▶ [Prompt]
Taking the entries below, transcribe only the lines starting with the one with "That's all there" and going on through the one with "Ўпрыгожаны вышыўкай, якая", exactly as written, without the pictures.

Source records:

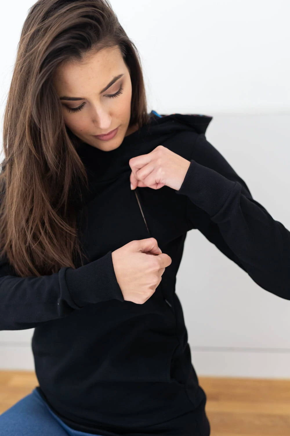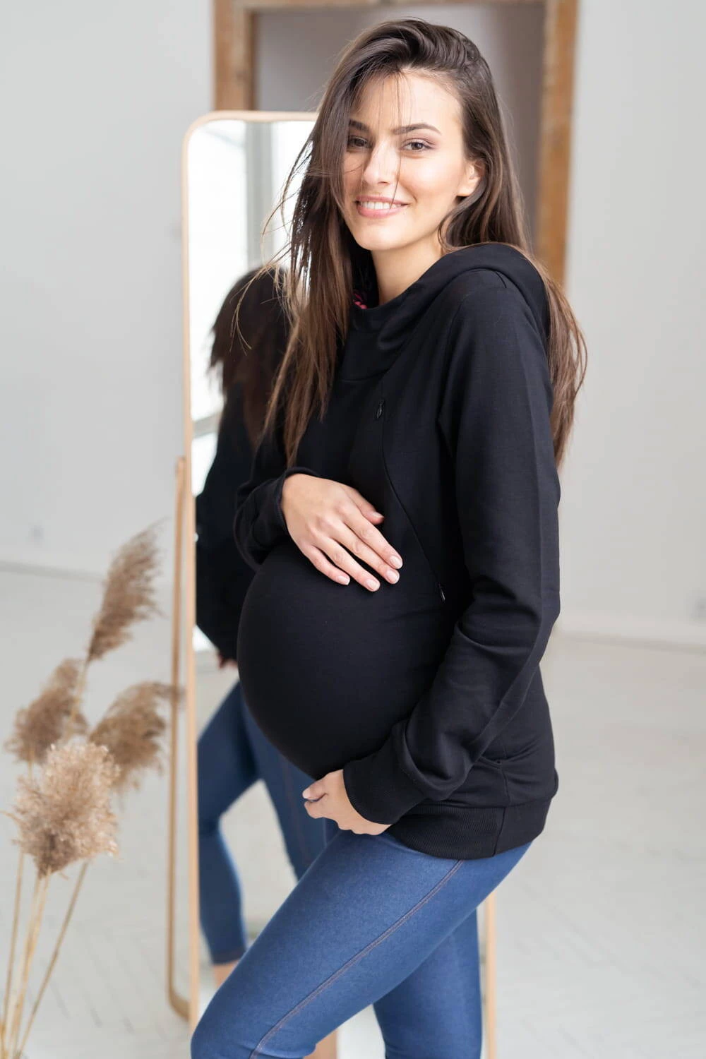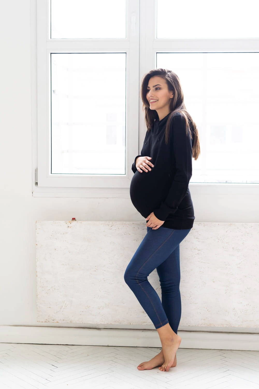 Luźny krój i elastyczny materiał: Bluza dopasowuje się do brzuszka ciążowego, a po porodzie wraca do pierwotnych kształtów.
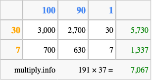 That's all there is to it! As you can see from the box above, the answer to 191 times 37 using the box method is 7,067.
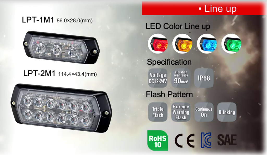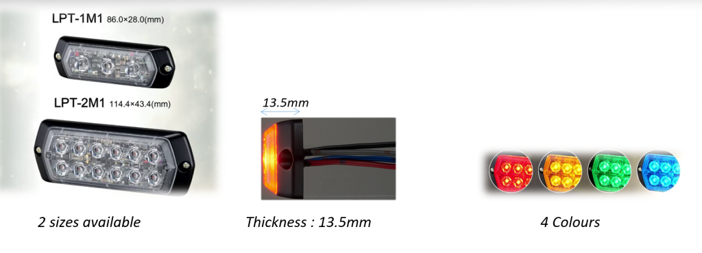 Na voljo so v dveh dimenzijah; model LPT-1M1 dimenzije 86 x 28 mm in model LPT-2M1 dimenzije 114,4 x 43,4 mm. Debelina ohišja svetila znaša le 13,5 mm, kar omogoča enostavno vgradnjo. Na voljo so štiri barve: rdeča, oranžna, zelena in modra, povežemo pa lahko do 20 enot skupaj, ki utripajo
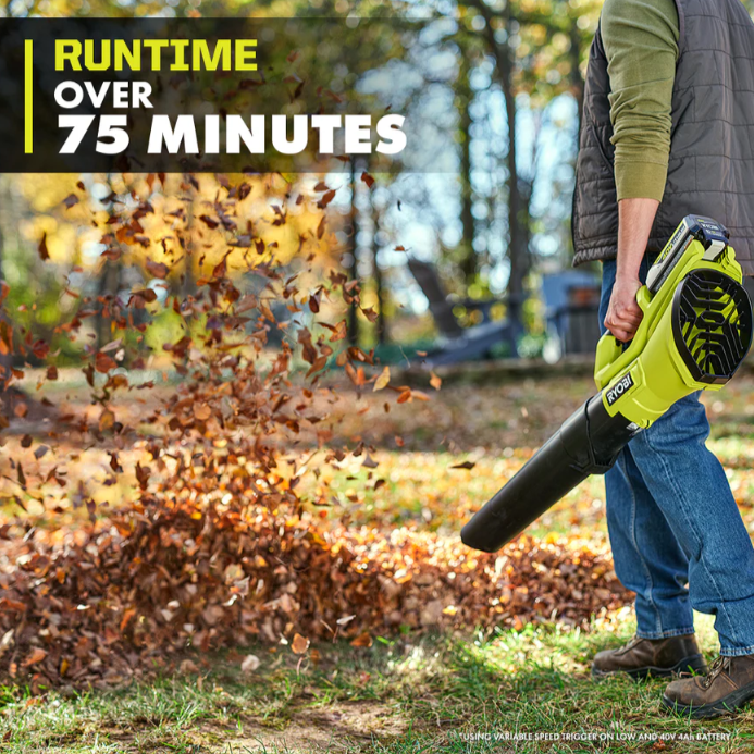 Power through yard cleanup with the RYOBI 40V 550 CFM Blower Kit. Designed as a true gas replacement, it delivers the power of a 25cc gas blower without the fuel, noise, or maintenance. With 550 CFM and speeds up to 120 MPH, this lightweight, cordless blower makes clearing leaves and debris fast and effortless. The variable speed trigger gives you precise control for delicate areas or tough debris, while the long-lasting 40V 4Ah battery provides over 75 minutes of runtime. Built for comfort, convenience, and performance, this blower is perfect for any yard task.
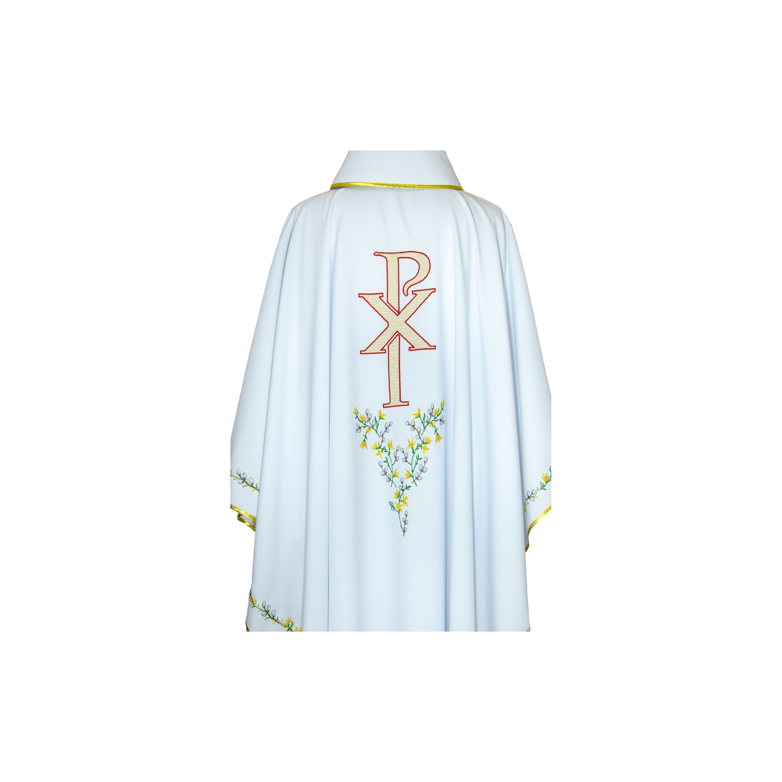 Ўпрыгожаны вышыўкай, якая выконваецца шаўковай або металічнай ніткай.
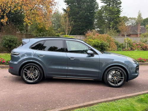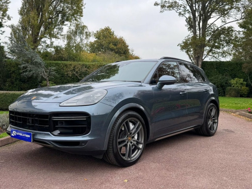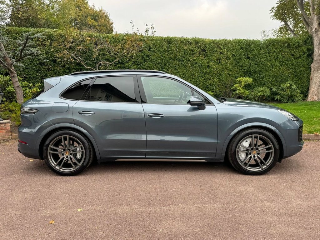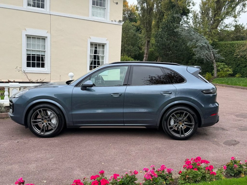 Stunning 2018 (18) Porsche Cayenne Turbo. Finished in Biscay Blue with Full Black Smooth Leather, Huge Specification with only 34500 miles from new with Full Porsche Service History and 1 former keeper with the current owner for the last 6 years. Full Porsche Warranty until end of May 2027. The car has always been under Porsche Warranty and has wanted for nothing. The car has over £23000 in optional extras including - Burmester Hifi, Porsche Dynamic Chassis Control, Panoramic Sunroof, Adaptive Cruise Control With Inno Drive, Electrically Deployable Towbar, 21 Inch Cayenne Turbo Alloys, Sports Tail Pipes, Night View Assist, LED Headlights, OffRoad Package, Chrono Package, Front and Rear Skid Plates, Rear Electric Blinds, 18 Way Sports Seats, Comfort Access, Exterior Package in Black, Aluminium Roof Rails, 4 Zone Climate Control, Ioniser, Ambient Lighting, Rear Side Airbags, Keyless entry, Lane Change assist, Reversing Camera, Crested Headrests, Power Steering Plus. Matching Pirelli P Zero N Rated tyres all round. Next Service Due August 2026. Further Details and Photos available Tinted LED Taillights and Light Strip, Privacy Glass, Exterior Package in Black High Gloss, Power Steering Plus, Lane Change Assist, Comfort Access, Airbags - Rear Side, Electric Roll-Up Sunblind for Rear Side , Roof Rails in Aluminium including Roof T, LED Main Headlights in Black including P, Sport Chrono Package Including Mode Swit, 4-Zone Climate Control, Ambient Lighting, Stainless Steel Panels - Front and Rear, Ioniser, Compass Display on Dashboard, Porsche Crest on Headrests, Smooth Finish Leather - Black, Burmester High-End 3D Surround Sound Sys, 21in Alloy Wheels - Cayenne Turbo Design, Panoramic Roof System, Sports Tailpipes - Black, PDCC - Porsche Dynamic Chassis Control, Off-road
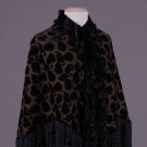 1 black cisele velvet dolman style jacket w/ brown patterned ground & bud motif, stand collar, CF opening & hem trimmed w/ black chenille & covered corded spheres, label "Maison Dieulafait", SH-SH 17", L 25"-29.5", (W tie detached, slight fringe loss) very good; 1 handmade fine wool taupe SH cape, SH-SH 16", L 18"-22", (3 tiny holes right CF & 1 right SH, CB trim loose) good; 1 handmade purple silk taffeta dolman style cape w/ 3 tiered brocaded ribbon ruffles, SH-SH 16", L 22.5"-29", (trim detaching 4.5" right SH, 0.75" & 1" seam openings at left CF, discoloration at front) good; 1 purple to green quilted changeante cape, SH-SH 18.5", L 27.5", (shattering & worn edges, fading, 3.5" seam opening left CF, tiny-1" holes in lining) fair.
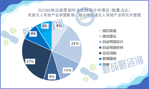 總體來看,2025年第三季度行業融資情況對比2024年同期,在統計的融資事件數量上相對持平,但披露的總融資金額略有增加;其中,在整車端持續落地快趨勢下,零部件端迎來資本補漲。雖然自動駕駛卡車等仍是投資“壓艙石”,但激光雷達、自動駕駛芯片、定位導航等關鍵零部件,正成為決定下一階段行業競爭力的“杠桿點”。
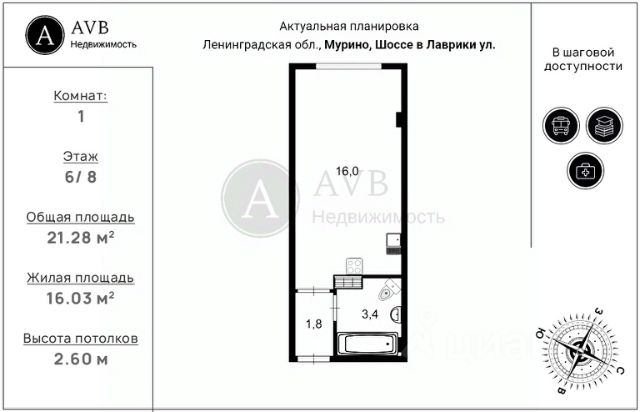 Продаётся 1-комнатная квартира в сданном доме (Шоссе в Лаврики, 78к3 (Корпус 10)), срок сдачи: III-кв. 2023, общей площадью 28.6 кв.м., на 6 этаже. Расположение, транспортная доступность В состав жилого квартала со сказочным названием "Тридевяткино царство" входят 11 кирпично-монолитных домов эконом-класса высотой от 9 до 18 этажей, а также сопутствующая инфраструктура. До Санкт-Петербурга от "Тридевяткина царства" 18 километров, до КАД - 3 километра; до единственной в Ленинградской области станции метро "Девяткино" 2 километра. Рядом с метро "Девяткино" находится одноимённая железнодорожная станция, от которой на проходящих скоростных электропоездах можно за двадцать минут доехать до Финляндского вокзала Санкт-Петербурга. В посёлке Мурино в районе метро и железнодорожной станции "Девяткино" расположен междугородный Северный автовокзал, от которого отправляются рейсовые автобусы в разные районы Ленинградской области, в другие города и в Белоруссию. Инфраструктура Внутренняя инфраструктура "Тридевяткина царства" представлена детским садом и школой, которые располагаются на его территории, а также разнообразными магазинами, кафе и предприятиями услуг, размещенными на первых этажах зданий. В посёлке Мурино и в располагающейся по соседству деревне Новое Девяткино расположено: несколько детских садов (в том числе частный детский сад), школа, супермаркеты, универсам "Полушка", кафе, несколько продуктовых и хозяйственных магазинов, отделения банков, спортивный клуб. Рядом находятся горнолыжные центры - "Охта-парк" и "Северный склон". Экологическая обстановка в районе оценивается как благоприятная. Промышленных предприятий и крупных транспортных магистралей поблизости нет. Рядом находятся Охтинская долина, лесопарковые зоны, поля и озёра, протекает река Охта. Надёжность застройщика Строительством жилого комплекса "Тридевяткино царство" занималась группа компаний "Унисто Петросталь", в состав которой входит более десяти предприятий, осуществляющих полный цикл работ по возведению жилых, коммерческих и промышленных объектов. Холдинг имеет большую историю, начавшуюся ещё в 1966 году с треста "Ташкентстрой". Основное направление деятельности ГК "Унисто Петросталь" - строительство кварталов и микрорайонов из многоэтажных и малоэтажных домов в Ленинградской области, а также возведение коммерческой и промышленной недвижимости в Санкт-Петербурге. В портфолио ГК "Унисто Петросталь" жилые комплексы: "Аннинский парк", "Багатель", "Чудеса света", "Новое Девяткино". Также компания построила бизнес-центр "Охта-Хаус", несколько складских комплексов, магазинов и другую коммерческую и промышленную недвижимость в Санкт-Петербурге и Ленинградской области. Архитектура В жилом комплексе "Тридевяткино царство" представлены квартиры с количеством комнат от одной до четырёх (а также квартиры-студии) площадью от 24 кв. метров до 111 кв. метров. Потолки в помещениях имеют высоту 275 см. Все квартиры предлагаются к продаже с полноценной финишной отделкой - со всеми коммуника
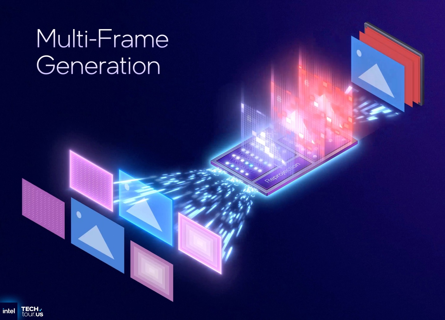 XeSS-MFG 使用原始帧作为素材,抓取运动向量和深度信息,进行光流和向量的重建,最终实现基于 AI 的多帧生成。
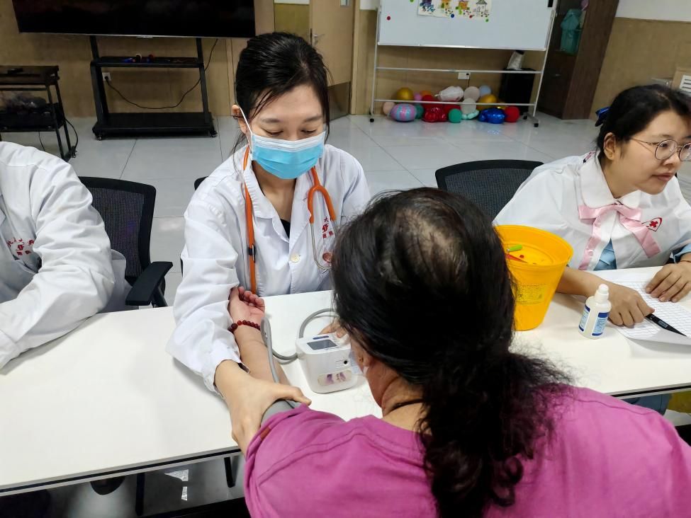 活动当日,北华大学附属医院南丁格尔护理服务队的志愿者们早早抵达养老中心,迅速有条不紊地布置起义诊场地。此次义诊涵盖了骨外科、心血管内科,专家们耐心细致地为每一位前来就诊的老人进行全面检查。测量血压、血糖、心电图、心肺听诊,每一个环节都做得认真仔细,不放过任何一个可能存在的健康隐患。
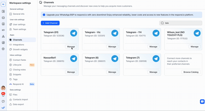觀看下面的視頻,了解如何將您現有的 Telegram 帳戶連接到 respond.io 的分步指南。
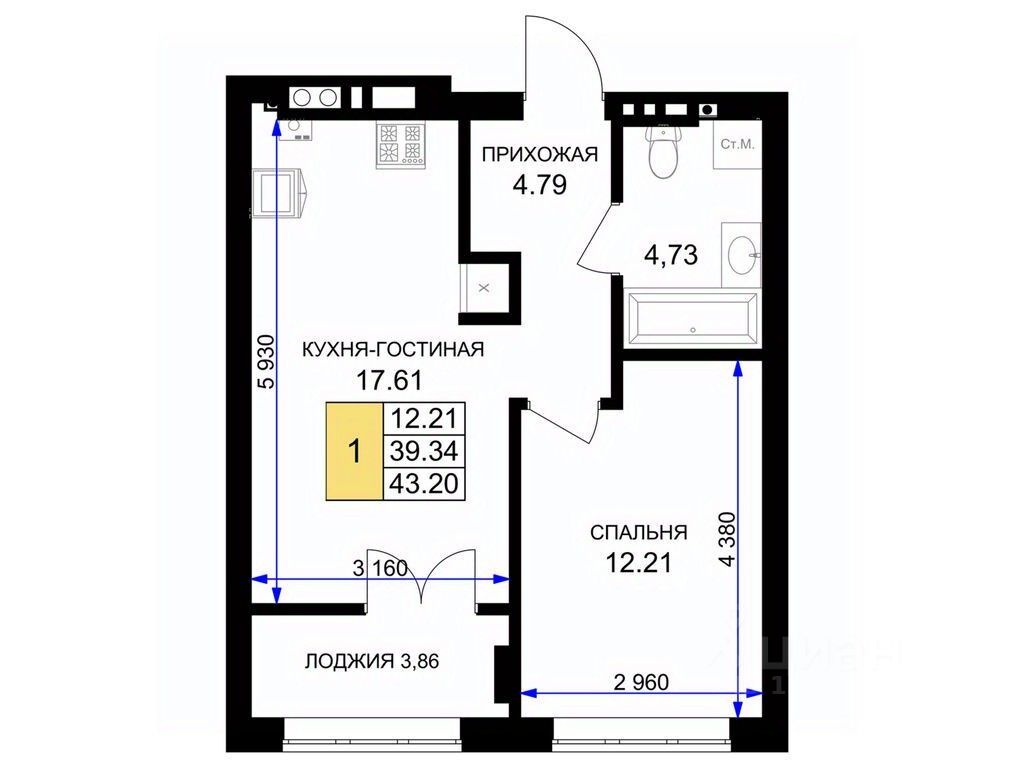 Общая площадь44,1 м²
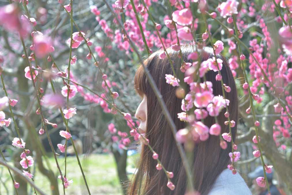 この写真の主役は女性とそのすぐ近くにある梅です。手前と奥にボケをつくることで、写真に立体感がでて、主役をより引き立てています。
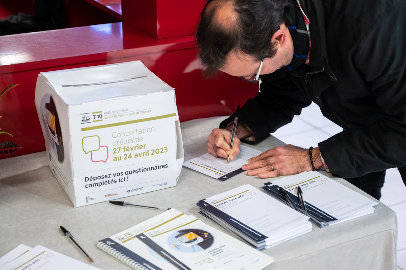 On site, everyone had the opportunity to send their opinion through a questionnaire and to access the documentation made available by Île-de-France Mobilités, the project leader.
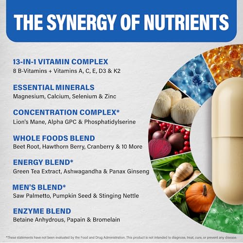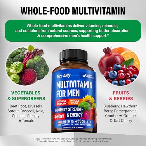 Specification: Multivitamin for Men – B-Complex | Whole Foods & Enzymes – Energy, Focus & Brain | Men’s Health Complex – 46in1 Mens Multivitamin – Bioavailable & Gentle on Stomach – Made in USA – 90 Capsules, 1/Day
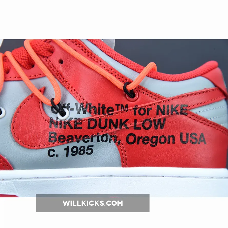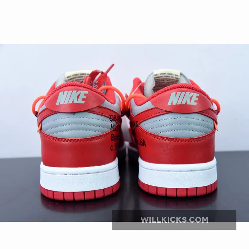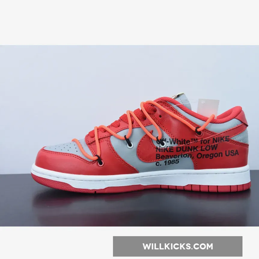This Dunk Low is comprised of a wolf grey leather upper with university red overlays. A unique secondary lacing system, zip-ties, and signature Off-White text on the sides completes the design. These sneakers released in December of 2019 for $170.
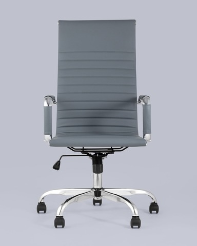 Компьютерное кресло TopChairs City офисное серый, газлифт, механизм качания, сиденье, спинка, чехлы на подлокотниках экокожа, крестовина и подлокотники хром
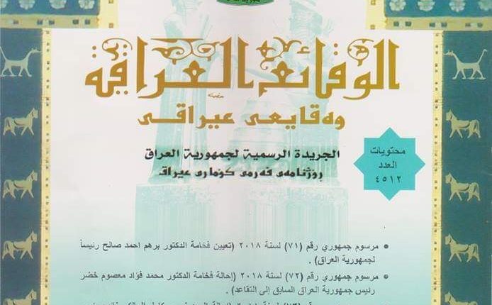 وقال مدير عام الدائرة هند عبد جميغ: ان العدد تضمن مرسوم جمهوري رقم (71) لسنة 2018 (تعيين فخامة الدكتور برهم أحمد صالح رئيساً لجمهورية العراق، بالاضافة الى مرسوم جمهوري رقم (72) لسنة 2018 (إحالة فخامة الدكتور محمد فؤاد معصوم خضر رئيس جمهورية العراق السابق إلى التقاعد.
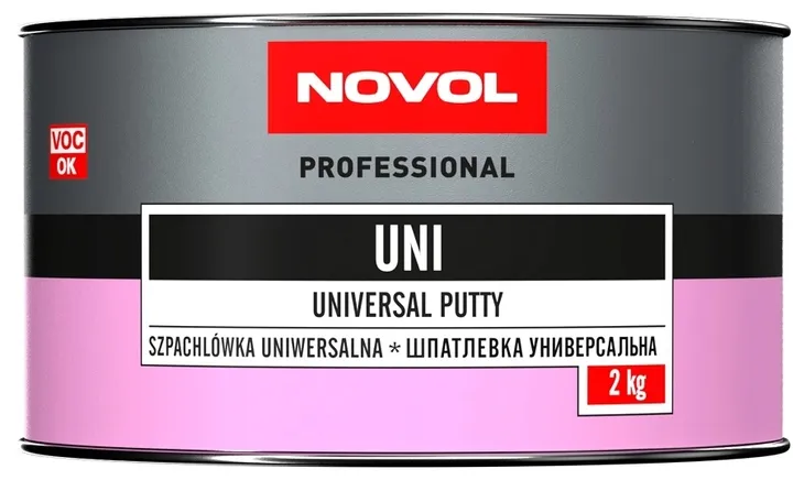 NOVOL UNI uniwersalna szpachlówka samochodowa na bazie nienasyconej żywicy poliestrowej, zalecana głównie do obróbki mechanicznej.

▶ [Your solution]
 That's all there is to it! As you can see from the box above, the answer to 191 times 37 using the box method is 7,067.
 Na voljo so v dveh dimenzijah; model LPT-1M1 dimenzije 86 x 28 mm in model LPT-2M1 dimenzije 114,4 x 43,4 mm. Debelina ohišja svetila znaša le 13,5 mm, kar omogoča enostavno vgradnjo. Na voljo so štiri barve: rdeča, oranžna, zelena in modra, povežemo pa lahko do 20 enot skupaj, ki utripajo
 Power through yard cleanup with the RYOBI 40V 550 CFM Blower Kit. Designed as a true gas replacement, it delivers the power of a 25cc gas blower without the fuel, noise, or maintenance. With 550 CFM and speeds up to 120 MPH, this lightweight, cordless blower makes clearing leaves and debris fast and effortless. The variable speed trigger gives you precise control for delicate areas or tough debris, while the long-lasting 40V 4Ah battery provides over 75 minutes of runtime. Built for comfort, convenience, and performance, this blower is perfect for any yard task.
 Ўпрыгожаны вышыўкай, якая выконваецца шаўковай або металічнай ніткай.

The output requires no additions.